━━━ PROVIDED RECORDS

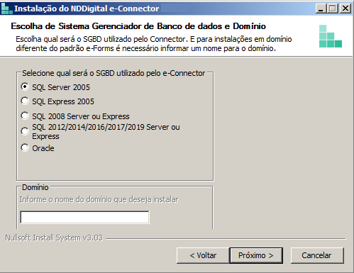 Passo 2: Selecione o Sistema Gerenciador de Banco de dados a ser utilizado pelo Connector. Os SGBD’s compatíveis com o módulo e-Connector são:
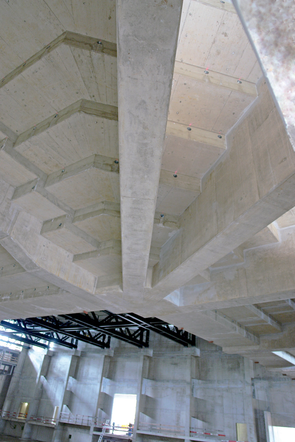 Możliwość łączenia płyt w pionie i w poziomie, jak również elementy uzupełniające i kompensacyjne systemu pozwoliły na elastyczne dostosowanie deskowania do geometrii obiektu. Na przyspieszenie prac wpłynęła także możliwość łączenia płyt w duże zespoły do przenoszenia za pomocą żurawia.
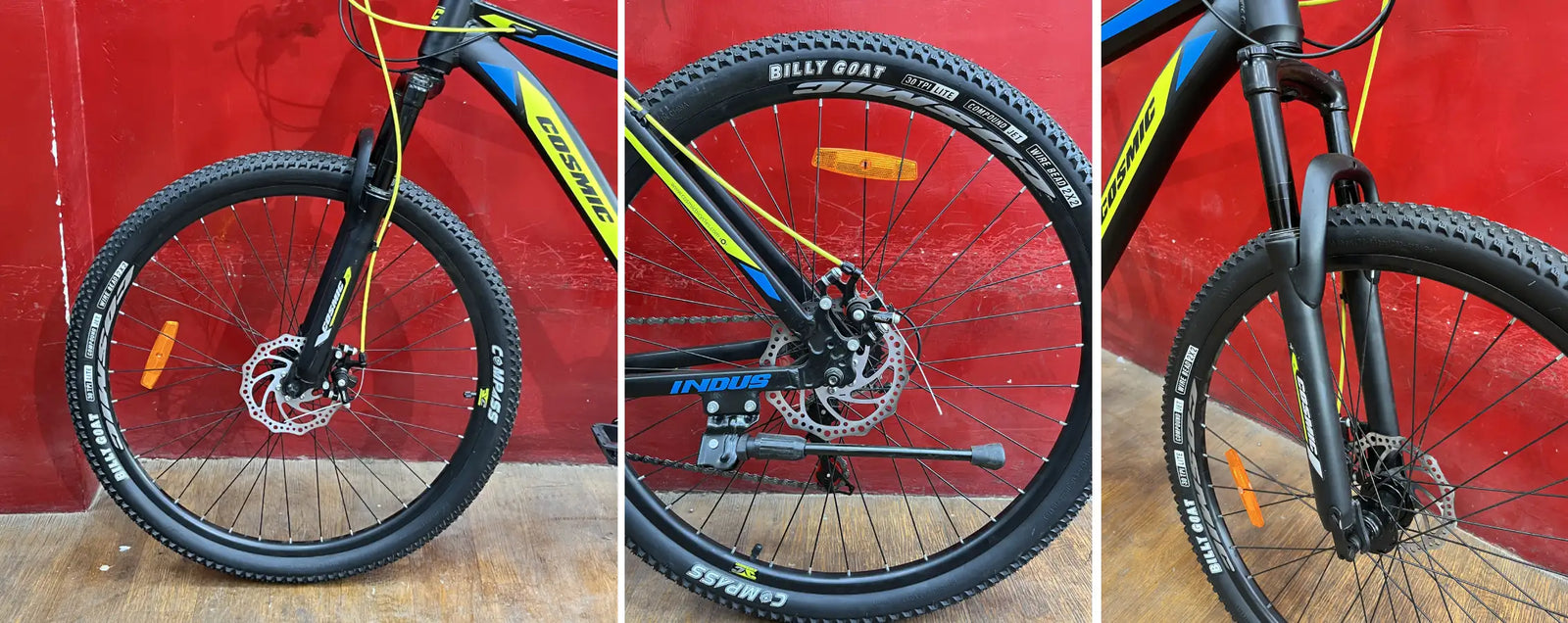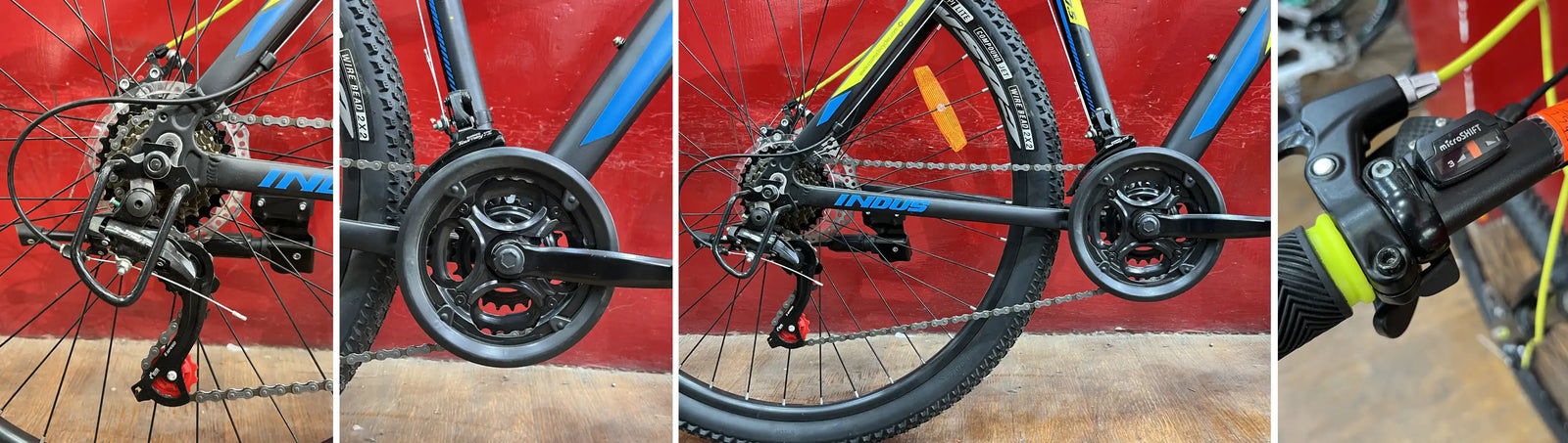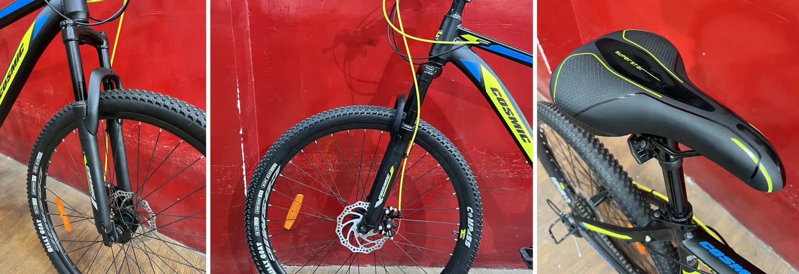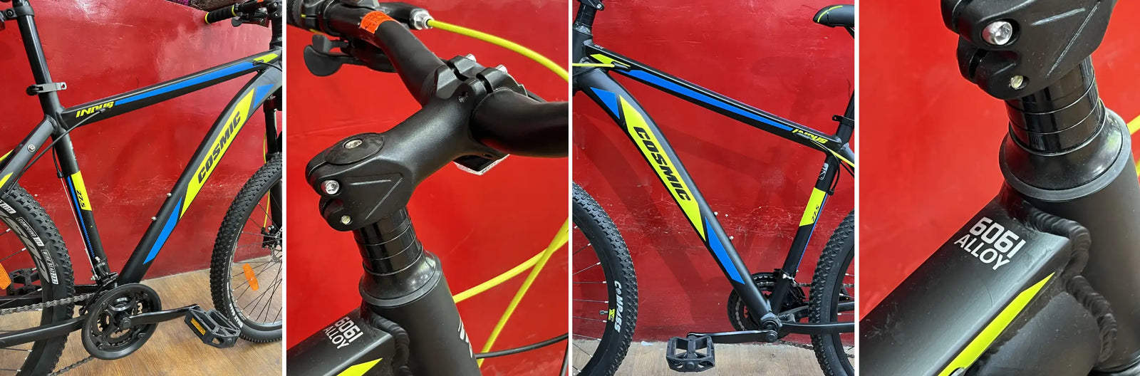 Cosmic Bicycles has established itself as a reputable brand in the Indian cycling market, offering a range of bicycles that blend affordability with performance. With a focus on catering to both novice and seasoned riders, Cosmic emphasizes durability, style, and functionality in their designs, ensuring a satisfying riding experience across various terrains. The Cosmic 27.5 Indus AL 24-Speed is engineered for cyclists seeking a versatile ride capable of handling both urban commutes and off-road adventures. Featuring a sturdy steel frame, 24-speed drivetrain, front suspension fork, and dual disc brakes, this mountain bike is designed to deliver a balanced mix of comfort, control, and efficiency.
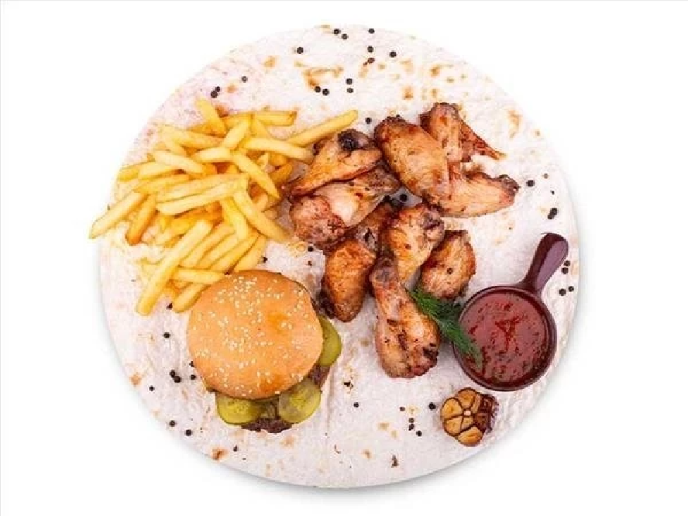 Гамбургер, крылышки гриль 200 г, кетчуп, картофель фри 100 г.
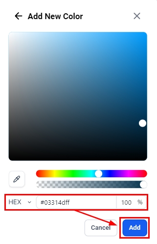If you need a specific color but don't have the hex code for it select custom colors then click + Add.

━━━━━━

◆ WHAT YOU SHOULD DO:
Only one thing is required: an exact printout of the lines from the line containing "Możliwość łączenia płyt w pionie" through the last line of the records, pictures excluded.

◆ SOLVED EXERCISE:
 Możliwość łączenia płyt w pionie i w poziomie, jak również elementy uzupełniające i kompensacyjne systemu pozwoliły na elastyczne dostosowanie deskowania do geometrii obiektu. Na przyspieszenie prac wpłynęła także możliwość łączenia płyt w duże zespoły do przenoszenia za pomocą żurawia.
 Cosmic Bicycles has established itself as a reputable brand in the Indian cycling market, offering a range of bicycles that blend affordability with performance. With a focus on catering to both novice and seasoned riders, Cosmic emphasizes durability, style, and functionality in their designs, ensuring a satisfying riding experience across various terrains. The Cosmic 27.5 Indus AL 24-Speed is engineered for cyclists seeking a versatile ride capable of handling both urban commutes and off-road adventures. Featuring a sturdy steel frame, 24-speed drivetrain, front suspension fork, and dual disc brakes, this mountain bike is designed to deliver a balanced mix of comfort, control, and efficiency.
 Гамбургер, крылышки гриль 200 г, кетчуп, картофель фри 100 г.
If you need a specific color but don't have the hex code for it select custom colors then click + Add.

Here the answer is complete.